Peterson has promised “reforms” in these programs, but has also insisted that he won’t allow any of the savings to be shifted to other areas of the farm bill, such as biofuels or conservation. In the Senate, however, committee chairman Tom Harkin (D-Iowa) said this week that he has no such rule.
“We need reforms of payment limits, and direct payments,” he said. “I don’t believe just because we’ve been doing something for 40 years that we ought to keep doing it that way.” Harkin said there may be “new commodities” that should qualify for subsidies, such as speciality crops or organic foods.
In the House, however, the insistence on protecting spending on traditional farm proglrams has created strains throughout. Some are eyeing the food stamp program as a possible source of funds for new biofuels and conservation initiatives.
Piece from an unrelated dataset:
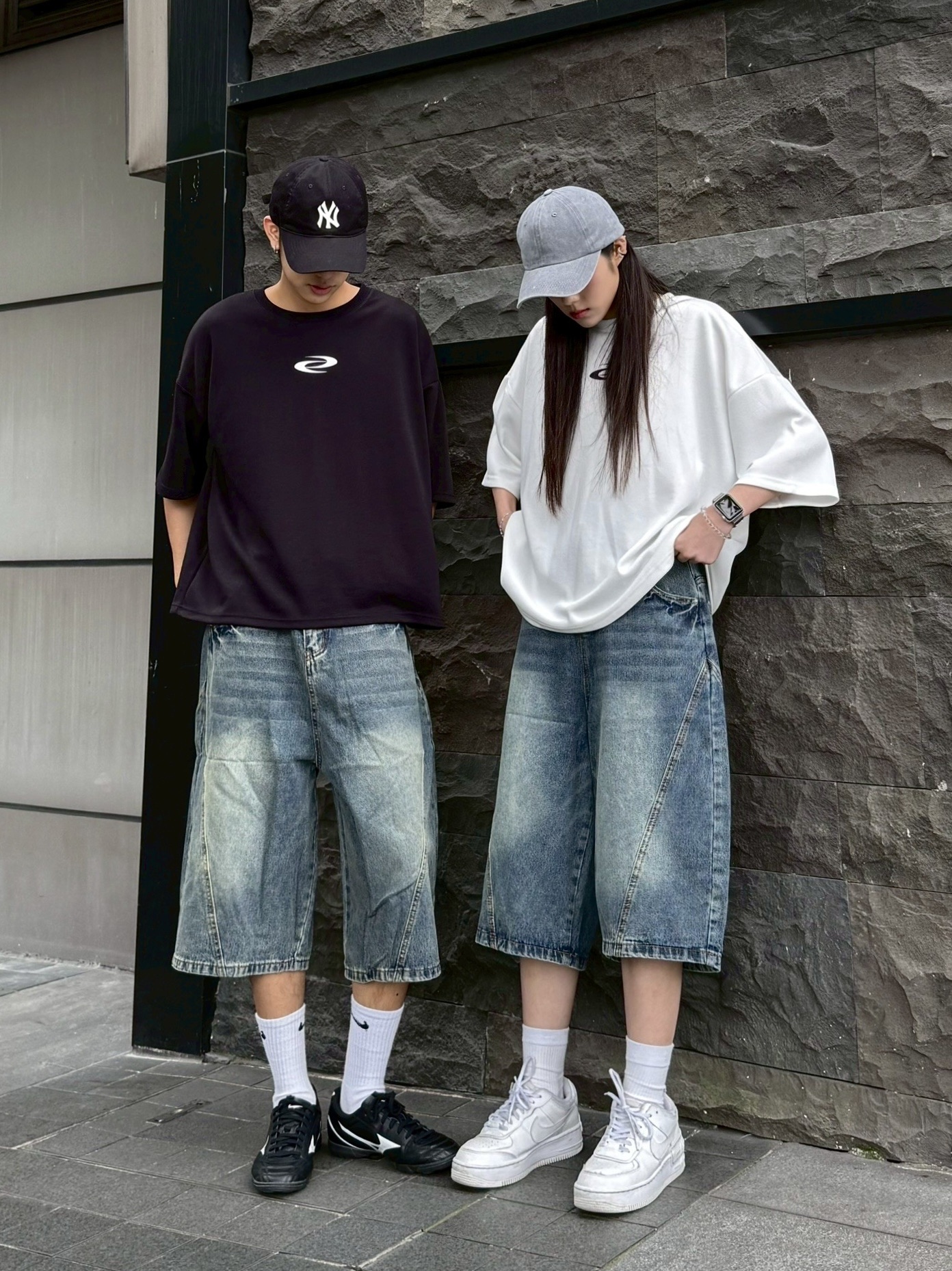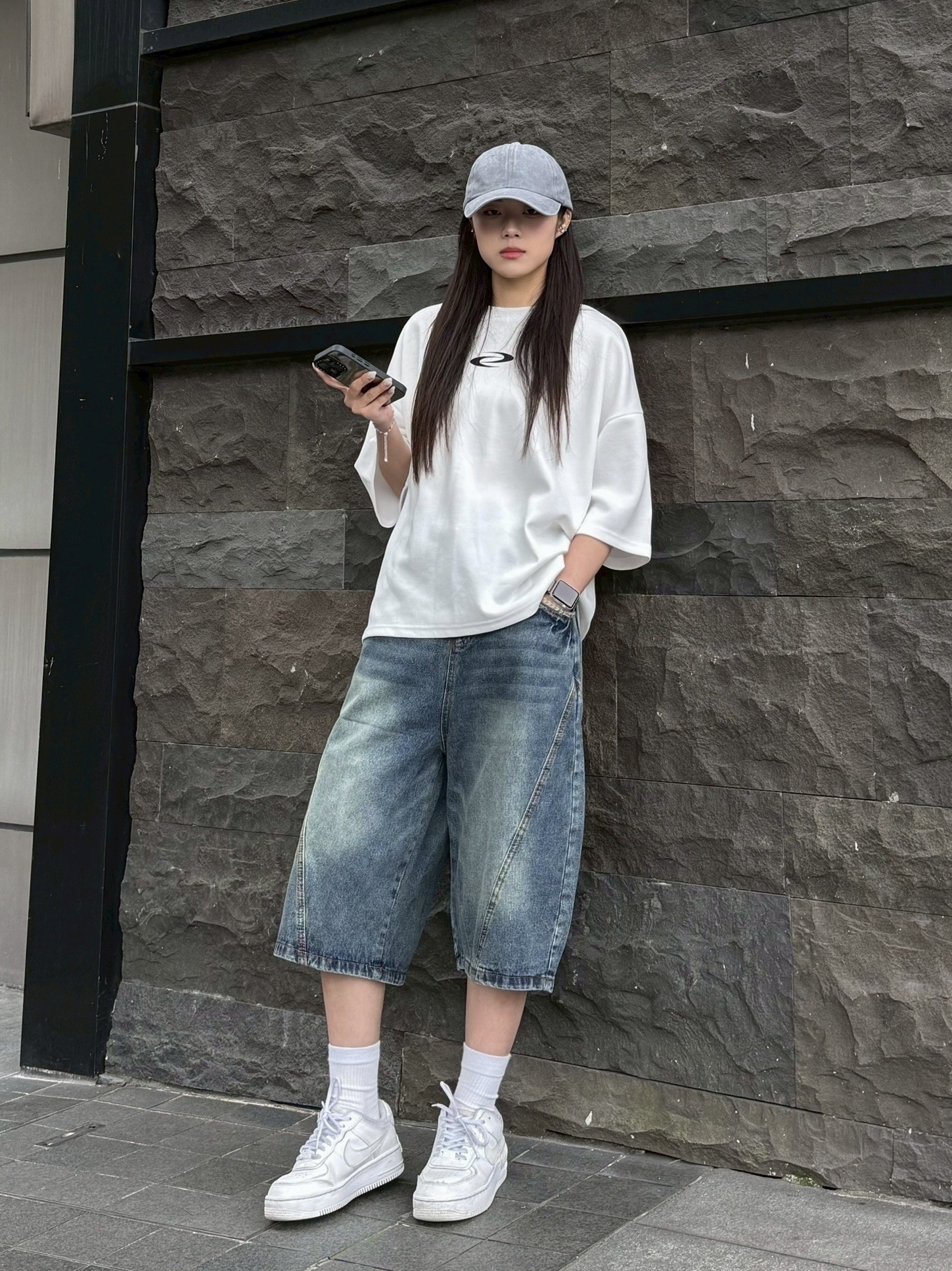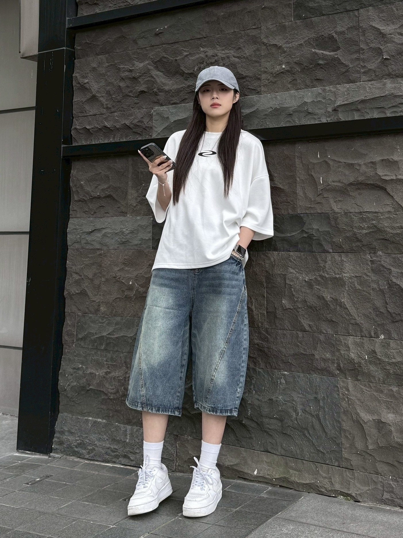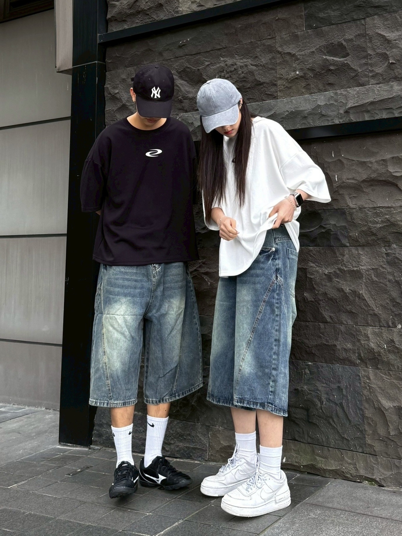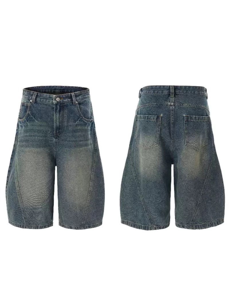 韓國 汙泥 裁片 設計 剪裁 水洗 六分 牛仔短褲 (藍)

CBO estimates that spending on food stamps over the next decade will grow to $565 billion—a 46 percent increase over projections made five years ago. The reason is that 7.6 million more people will be eligible. Peterson said he hoped to talk to Rep. Charles B. Rangel (D-N.Y.), chairman of the Ways and Means Committee and a passionate advocate for the food stamp program, to see if he can “find us some offsets.”
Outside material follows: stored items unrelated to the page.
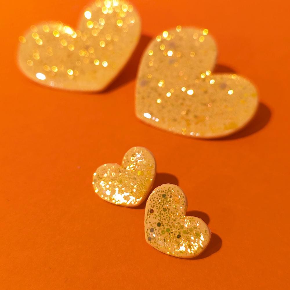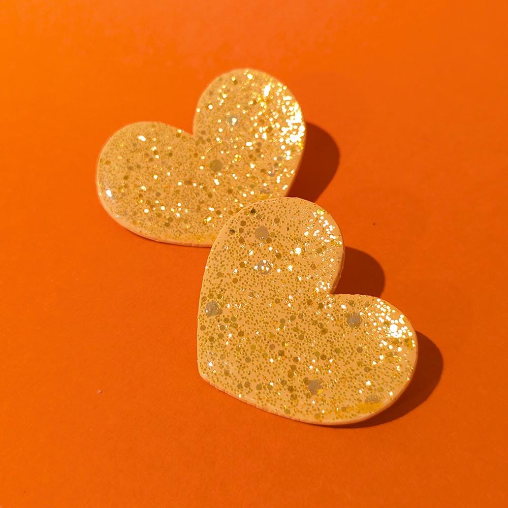 On aime et on le montre, avec ces boucles d'oreilles coeur, flamboyantes avec cette couleur orange pailleté, résiné pour encore plus de brillance!
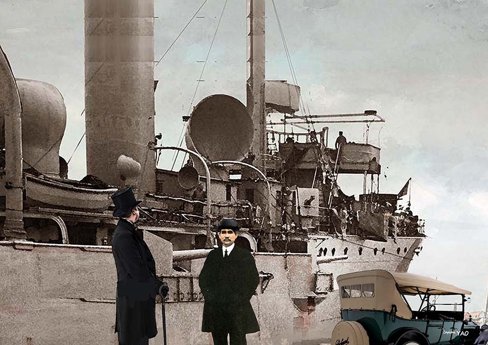 (圖1-10-3) 德芮肯爵士趕往碼頭勸阻孫文,雙方不歡而散。
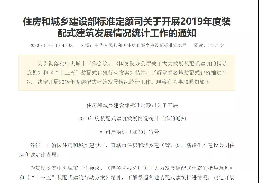 2020年1月25日,住房和城鄉建設部標準定額司關于開展2019年度裝配式建筑發展情況統計工作的通知,內容強調:
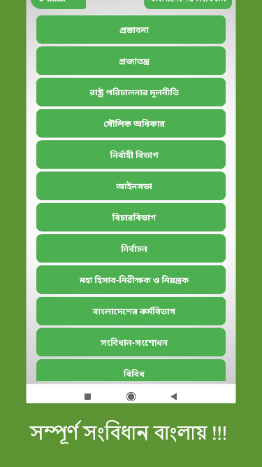 বাংলাদেশের সংবিধান স্বাধীন ও সার্বভৌম বাংলাদেশের সর্বোচ্চ আইন। বিস্তারিত অ্যাপে।
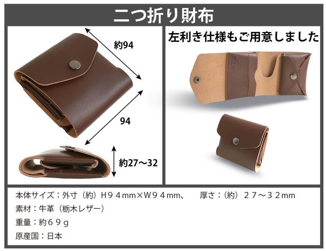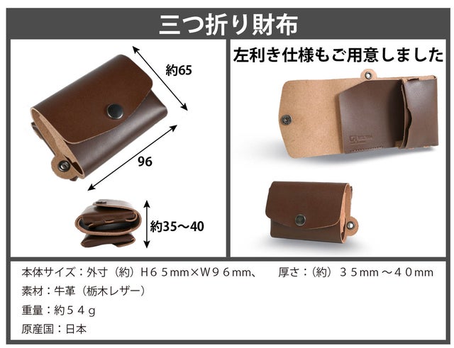 ※三つ折り、二つ折り両型とも左利き用もご用意しました。
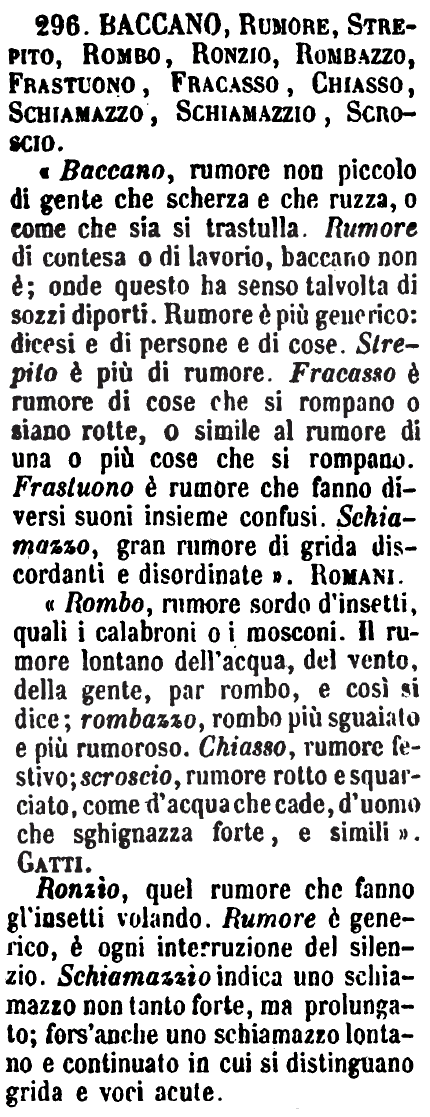 Baccano, Rumore, Strepito, Rombo, Ronzio, Rombazzo, Frastuono, Fracasso, Chiasso, Schiamazzo, Schiamazzio, Scroscio - «Baccano, rumore non piccolo di gente che scherza e che ruzza, o come che sia si trastulla. Rumore di contesa o di lavorio, baccano non è; onde questo ha senso talvolta di sozzi diporti. Rumore è più generico: dicesi e di persone e di cose. Strepito è più di rumore. Fracasso è rumore di cose che si rompano o siano rotte, o simile al rumore di una o più cose che si rompano. Frastuono è rumore che fanno diversi suoni insieme confusi. Schiamazzo, gran rumore di grida discordanti e disordinate». Romani.
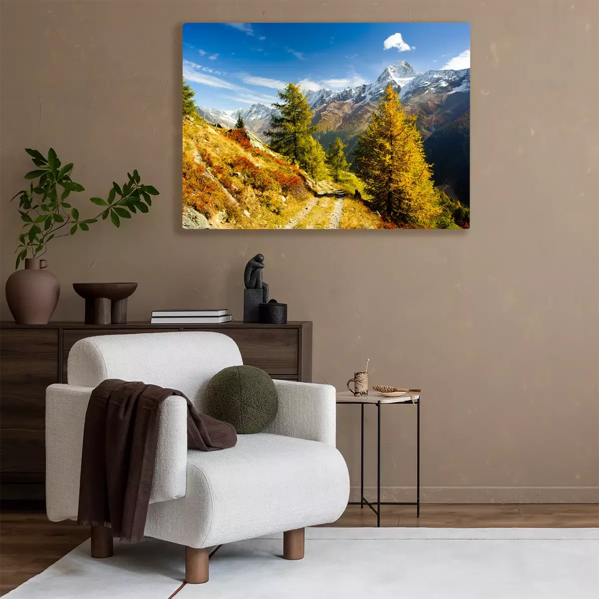 Tableau : Bietschorn sommet de montagne en automne avec sentier de randonnée
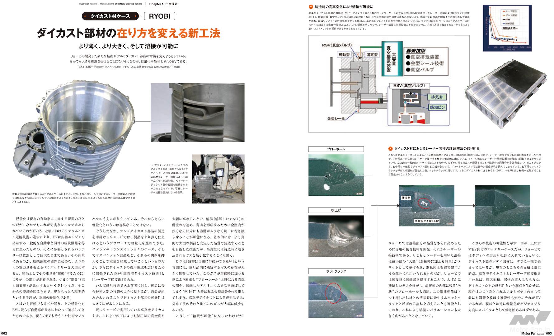 BEV(電気自動車)は、ICE車(内燃エンジン搭載車)に比べてバッテリーによる重量増が必須のため、軽量化が開発上のひとつのキーワードとなっています。アルミダイカスト部品の製造を手がけるリョービでは、「高真空ダイカスト技術」と「レーザー溶接技術」で、軽量に優れるダイカストの適用領域を広める技術を確立しました。その技術を解説します。
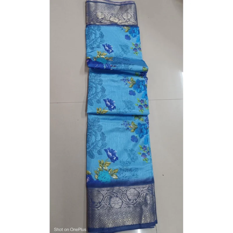Women’s Digital Dolla Silk Printed Saree With Unstitched Blouse 5.5Mtr (Sky Blue)
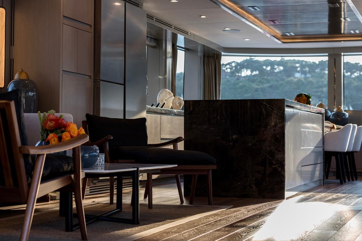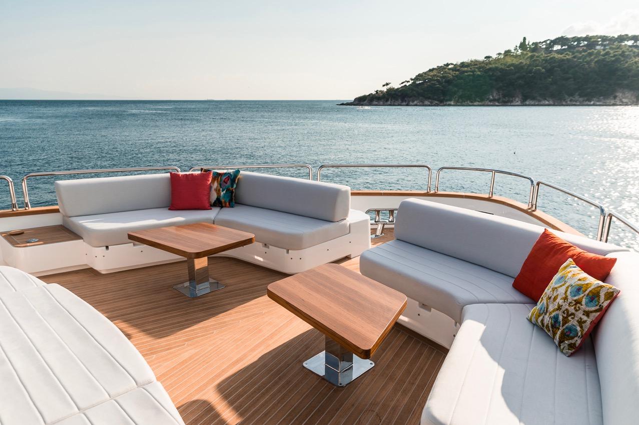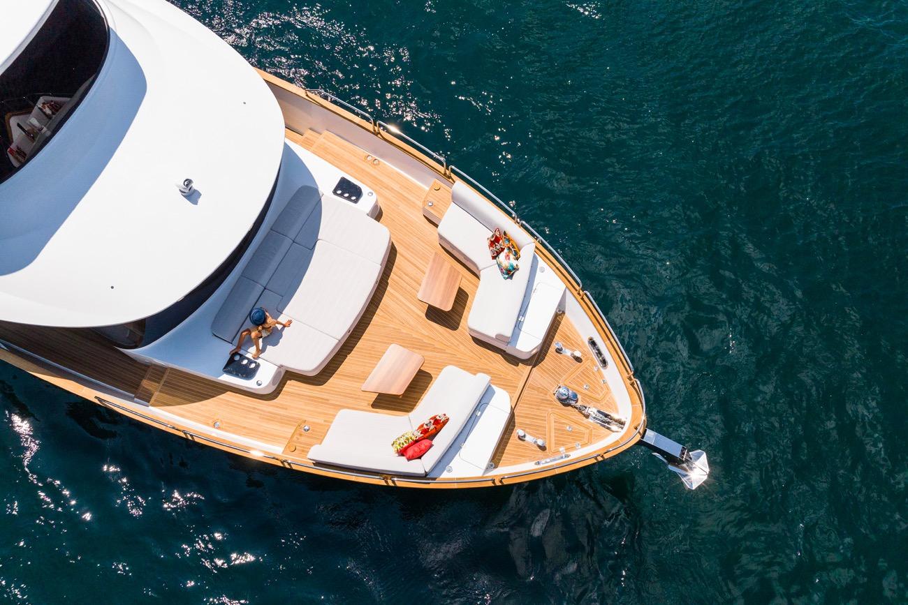 The Sirena 78 offers creative enhancements that signal an even more rapid evolution of design and innovation to improve the on-the-water experience. She effectively advances the idea of the cruising yacht by delivering a combination of interior comfort and a wide range of efficient performance. Her construction and finish meet at the intersection of advanced technology and craftsmanship,just as they did for her stablemates in the Sirena line, and yet the Sirena 78 takes next-generation thinking into every curve and corner of her design. It starts with the design, which boasts several options for the flybridge, a feature that has evolved as a hallmark element of the line. The flybridge is a key element on nearly all Sirenas, thanks to the space and views it makes available, as well as the overhang that provides delightful shade for the afterdeck.

What committee leaders seldom mention is that budget rules have boosted the funding available to other, lesser known farm programs. CBO, for example, has projected that USDA will spend $66 billion over the next decade on the Section 32 program, a little known fund under the direct control of the secretary of agriculture. That is an increase of more than 50 percent over the previous five years.
Section 32 gives the secretary of agriculture almost unlimited discretion to use a portion of annual customs duties to boost farm income. Secretaries have used it to help ranchers after droughts, purchase fruits and vegetables when prices are depressed, and supply school lunch programs.
Section 32 has been described as “everybody else’s farm program,” since it benefits farmers and ranchers who aren’t covered by the traditional subsidy system. Shifting funds from Secton 32 could face political and legal challenges. But Congress writes the laws.
Since there is little will to shift money out of existing programs to finance new initiatives, farm state lawmakers are counting on being able to spend an additional $20 billion from a special “reserve fund.” The hitch is that none of that money can be spent without offsets—cuts in other programs, or tax increases.
Peterson is counting on using $5 billion of the savings in an energy bill enacted by the House earlier this year as one offset. That bill contained $14 billion in total savings from new taxes on oil company profits and offshore drillling leases. But othe committees besides Peterson’s are angling to use those savings as offsets in their bills. In any case, the “offset” could turn out to be ephemeral since the Senate has not passed the bill.